Indeed, while quite dissimilar, the three episodes carry a common theme – that of characters aspiring to be like their heroes and role models but little realising that their perception of these champions rarely lives up to the reality. Bracheeni accuses Avon and Tarrant – “the leader and the pilot” – of needing to prove they are better than the “legendary” Blake and Jenna they begrudgingly admire. Similarly, Jenna holds Blake and the crew of the Liberator in such high esteem that she even tries to build a rebel team in the Liberator crew’s likeness. Ultimately her unshakeable faith and belief in Blake and his cause (little knowing that he has given up on it himself) seals her fate. In turn, Blake draws his strength from his own deep respect for Jenna and Avon – although the blind faith Blake and Avon have in one other proves to be the hallmark of their demise in the final TV episode. Inevitably, all the major characters draw inspiration from each other, even if they are loathe to admit that and even though their admiration of the others is more romanticised than real.

As can be expected, all of the performers in these plays are exceptionally good. Gareth Thomas and Paul Darrow are predictably solid as Blake and Avon respectively, and Stephen Pacey, most likely due to Peter Anghelides’ excellent writing and handle on the character, nails down Tarrant almost perfectly (something that could not be said when he last portrayed the character for BBC Radio in the 1990s, due to poorly written scripts and characterisation). Sally Knyvette again delivers the goods in her solo story. Warship marked something of a renaissance for Jenna and in Jenna’s Story Knyvette again relishes the opportunity to flesh out Jenna and show us just how independent, feisty and resourceful she is. In particular, it is generally assumed by fans that it was Blake’s idea to set up an army on Gauda Prime – writer Steve Lyons ingeniously turns this assumption on its head.

But the best performer of the trilogy is undoubtedly Adrian Lukis as the villainous Bracheeni, a man who proves to be a foil for Avon. Lukis’ voice is captivating and commanding from the outset, rivalling Darrow’s for charm and dry wit, and he conveys a character that is duly cunning and manipulative beneath a veil of humour and amicability. It is a great pity that Bracheeni does not survive the story. As a psychostrategist (similar to Carnell in the TV episode Weapon), Bracheeni would make a great recurring villain for the B7 audio series and partly atone for some of the naff villains that we had to suffer through in the third and fourth series of the TV show!

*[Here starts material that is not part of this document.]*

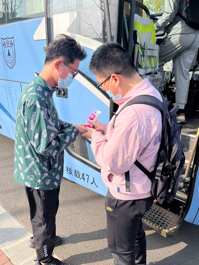 当日万里无云,正是植树游园的好时节。两个支部27名党员同志佩戴党徽和口罩,在院楼门前集结,兴致高昂。普博生第二党支部书记周倩苇谨记李敏老师叮嘱“开展党日活动的同时要保障大家的安全,注意防护”,对每一名党员同志多次进行提示,戴好口罩,做好防护。图为第一党支部书记尹知谦对每一名准备登车的党员同志进行手部消毒。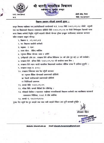 श्री भारती माध्यमिक बिद्यालयले बिज्ञापन प्रकाशन गरिएको सम्बन्धी सूचना l

Volume 6 of The Liberator Chronicles offers an absorbing insight into the lives of the key characters in the B7 saga post-Star One and how they view each other and judge themselves. While the episodes may not completely answer fans’ questions about Blake and Jenna’s whereabouts in the third and fourth seasons or fill in the gaps completely (in fact there is a massive continuity blunder in Blake’s Story*!), they are entertaining and thought-provoking tales that enable us to crawl inside the characters’ heads and appreciate the joy, despair and anguish they feel. Of course, long-term fans will always prefer other versions of the B7 saga that have offered up explanations that are as valid and plausible as this volume (eg how Blake got his scar) but based on the quality of the writing and the performances, The Liberator Chronicles is the superior product. There is potential for Big Finish to continue investigating this hitherto unexplored era of the TV series in future instalments. Give us standalone adventures for Blake and Jenna rather than just the edited highlights, and if the writing and performances are as accomplished as they are in this trilogy, they will be eagerly anticipated by fans.

* Post-script - In Blake’s Story, Blake learns about the destruction of the Liberator before his death is faked by Bruler’s rebels on Jevron. However, in the TV episode Terminal, Servalan reveals to Avon that Blake is dead and she has already attended his funeral on Jevron. She then teleports to the Liberator and it is destroyed. Go figure!